Supplied material:
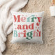 Texten från Retro stil lyder Merry och Bright på denna färgstarka jul dekorativ kudde.
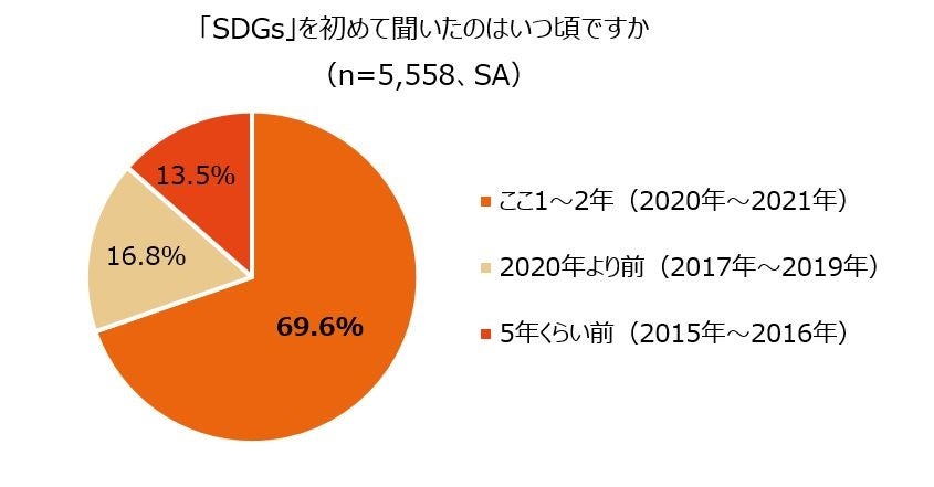 さらに、SDGsを「知っている」「聞いたことがある(内容は知らない)」と回答した5,558名に、SDGsを初めて聞いたのはいつ頃か聞いたところ、「ここ1~2年(2020年~2021年)」が69.6%で最も多い結果となりました。
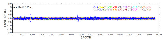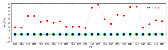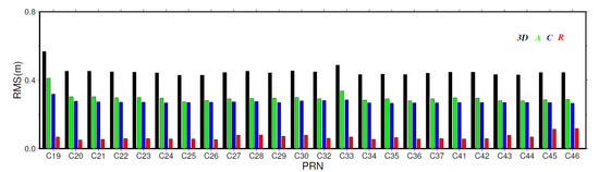 Table 5. The accuracy of SISRE_ORB from B-CNAV navigation messages was better than that of the D1. Due to the improvement in the orbit radical direction, the improvement ratio of SISRE_ORB reached 8.40%. Because SISRE was mainly affected by the satellite clock error, its improvement ratio was small. The improvement ratios of each satellite are plotted in

Exercise directions: Reproduce the data exactly as it appears above. Pictures are to be left out.

Solution to this problem:
 Texten från Retro stil lyder Merry och Bright på denna färgstarka jul dekorativ kudde.
 さらに、SDGsを「知っている」「聞いたことがある(内容は知らない)」と回答した5,558名に、SDGsを初めて聞いたのはいつ頃か聞いたところ、「ここ1~2年(2020年~2021年)」が69.6%で最も多い結果となりました。
 Table 5. The accuracy of SISRE_ORB from B-CNAV navigation messages was better than that of the D1. Due to the improvement in the orbit radical direction, the improvement ratio of SISRE_ORB reached 8.40%. Because SISRE was mainly affected by the satellite clock error, its improvement ratio was small. The improvement ratios of each satellite are plotted in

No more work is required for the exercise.